Что-то белое возникло перед его глазами, и он даже решил поначалу, что видит сон. Но это была Палашка, она стояла перед ним в белой рубахе и с распущенными волосами. Подбородок у нее дрожал от волнения.

– Я вот что… – каким-то не своим, сдавленным голосом сказала она. – Божатка велела: иди, говорит, к нему и возляг… Ты его страждешь, и он к тебе привязан Господней волей. И возвернется он эдак-то уже будто к жене… Я так думаю, она приворот сотворила. Она, правда, говорит: Емеле привороту не надобно, он такой ясный, в нем промысел виден, как огонек в стекле…

Шепча и дрожа, она присела к нему на лавку, погладила его волосы:

– Я ей говорю: Божатка, ты у меня и за матушку, и за батюшку, я к тебе с верою… А только ежели случится чего, ежели робеночек, а Емеля загинет где ни то, как тогда?.. А она: война така, что могуть одне инвалиды остаться да ржавы старики, что ты тогда запоешь? А ежели кто и здоров останется, той бабеляром лихим станет из-за нехватки. И рада будешь от воздуха понести, как Дева Мария!.. А я бы венчаться хотела в Кузьминской-от церкови, да только ты-то комсомолец, тебе не можно… А и так буду я тебе жена хороша, работна и преданна… И песни петь буду. Я их как с полки беру. А скажешь – учись, дак учиться-от буду денно и нощно…

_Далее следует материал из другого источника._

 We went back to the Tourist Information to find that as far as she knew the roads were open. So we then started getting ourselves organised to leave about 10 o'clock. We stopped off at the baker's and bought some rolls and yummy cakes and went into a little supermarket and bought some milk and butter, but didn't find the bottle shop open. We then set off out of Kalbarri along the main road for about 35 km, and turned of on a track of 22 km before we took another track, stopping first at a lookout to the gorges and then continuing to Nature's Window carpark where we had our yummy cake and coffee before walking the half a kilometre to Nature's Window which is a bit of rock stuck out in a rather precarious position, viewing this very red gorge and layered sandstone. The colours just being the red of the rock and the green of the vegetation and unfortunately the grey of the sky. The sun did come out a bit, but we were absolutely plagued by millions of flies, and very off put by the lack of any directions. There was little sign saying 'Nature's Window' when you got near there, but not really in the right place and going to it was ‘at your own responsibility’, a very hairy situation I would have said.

Она вдруг смолкла. Они глядели друг другу в глаза. Он взял ее лицо в свои ладони. Мягко, нежно сжал.

– Не надо так-то, второпях. Не по мне это… Но я действительно тебя не забуду. Как только война кончится, вернусь за тобой. Ты только жди. Я вернусь. Слово даю. – И, поразмыслив, он добавил: – Честное офицерское слово.

– Офицерское, – повторила Палашка, и затем задумчиво спросила: – А пошто ты последний час дичился?.. Я ждала…

– Потому и дичился… Мне тогда, в ту ночь, все-все открылось… Хочу, чтоб все ладом было. По-честному, по-хорошему… Я вот сам без отца вырос. В госпитале когда лежал, все думал, как оно будет, когда война кончится? Сколько сирот на свете останется. И решил тогда: выучусь, в учителя пойду. Или каким другим делом займусь, чтоб с детишкам. Буду их учить и своих воспитывать.